1. Using in silico Mapping to Evaluate Clustering of Quantitative Trait Loci

 

Previous work by Center faculty has established two critical properties of quantitative trait loci (QTL). First, they represent only a sub-set of the totality of genes functionally required for a complex trait such as the regulation of blood pressure or relative susceptibility to atherosclerosis. And second, the same sub-set of genes determine QTLs across mammalian species. QTLs for a given trait are often located at homologous chromosomal locations in human, mouse and rat. A probable explanation for these findings is that QTLs represent key regulatory functions whose role has been conserved over the course of mammalian evolution.
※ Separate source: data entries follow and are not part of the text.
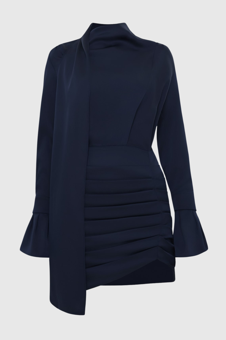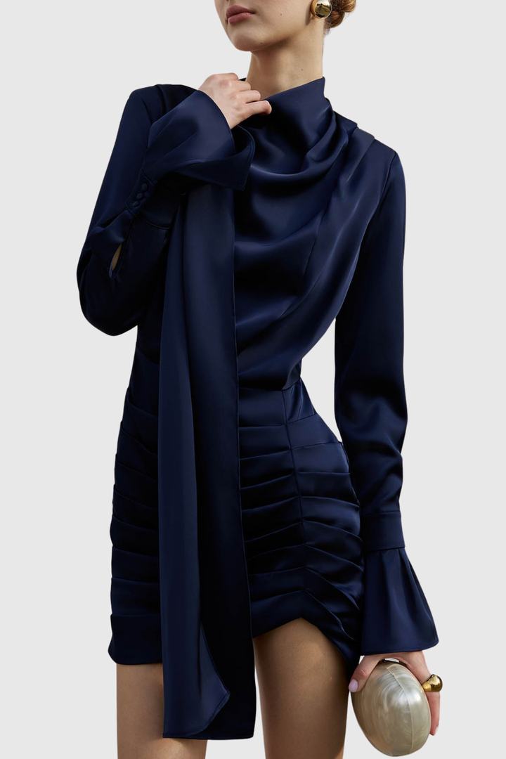 Alvin Satin Scarf Ruched Mini Dress
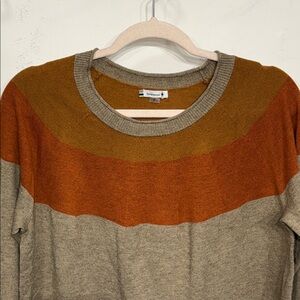 Cozy sweater with rich earthy tones. Ideal for layering.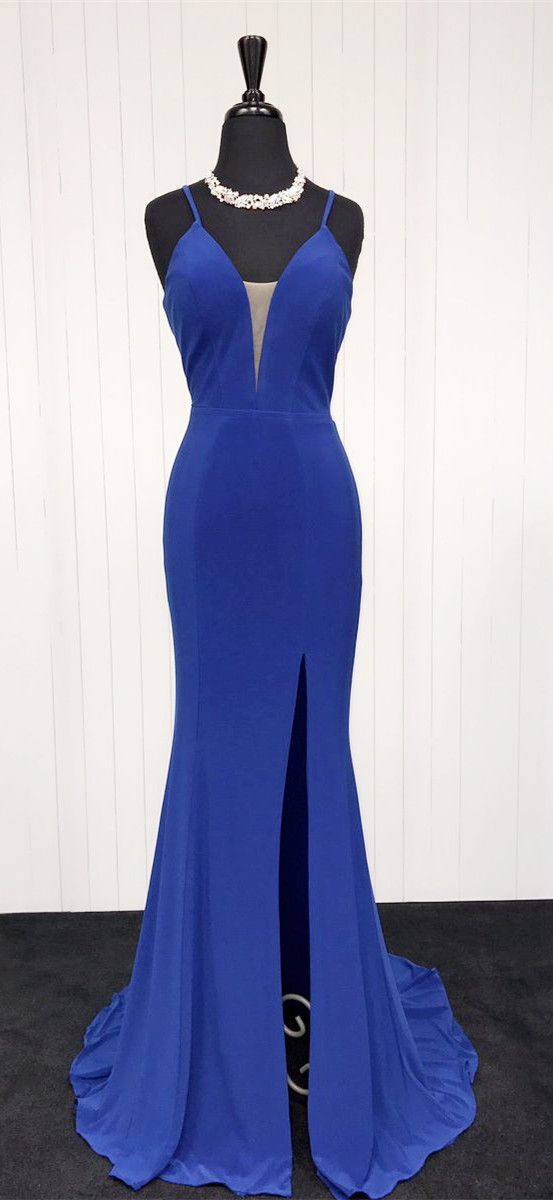 A line Slit Prom Dress,Blue Slit Graduation Dress,Sexy Spaghetti Straps Blue Evening Dress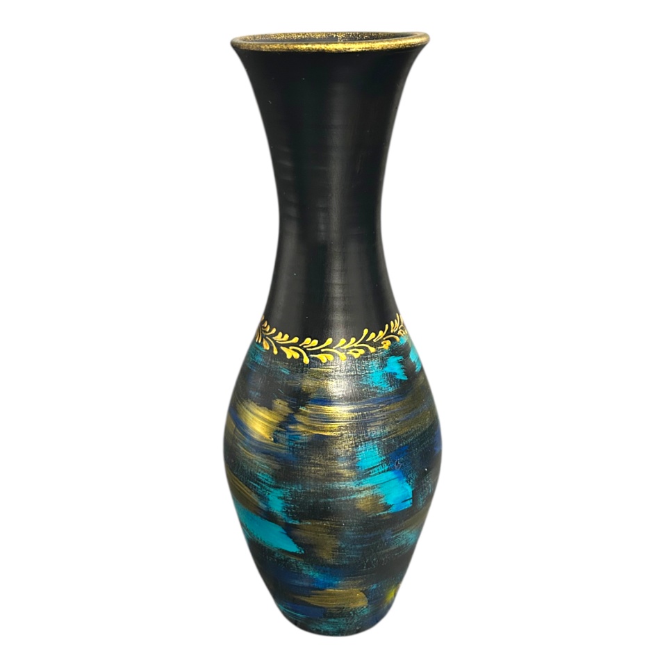 Vază decorativă din ceramică, realizată manual și decorată cu accente aurii și turcoaz pe un fond negru elegant. Cu o înălțime de 40 cm și siluetă înaltă, această piesă oferă o prezență impunătoare și rafinată, fiind perfectă pentru buchete voluminoase sau aranjamente florale elegante. Fiecare vază este unică, datorită decorului aplicat manual, ce conferă un aer modern și sofisticat oricărui spațiu.

Given that the QTLs for various phenotypes are responsible for most of the population variation on which evolution can act and that the identity of these QTL is an ancient property of mammals, genome dynamics predicts that the QTLs for fundamental physiological properties are likely to be genetically linked to promote the co-inheritance of favorable allelic combinations. The hypothesis of this project is that functional domains are a general feature of mammalian chromosomal organization and will be revealed by the clustering of QTLs affecting a phenotype. Rigorously testing this hypothesis requires that we efficiently locate QTLs at a resolution of a few Mb or less across the diversity of Mus subspecies.

We are performing the following activities to test this hypothesis:

1. Further developing in silico QTL mapping with the goals of improving its statistical validity, genetic resolution and efficiency.
2. Characterizing the large number of strains collected for the Population Genetics project for a series of phenotypes that are quantitatively robust, and easy to collect.
3. Determining in silico QTLs for the phenotypes using the SNPs genotyped in the Population Genetics project.
4. Testing whether the QTLs for a trait cluster physically or belong to the same LD network.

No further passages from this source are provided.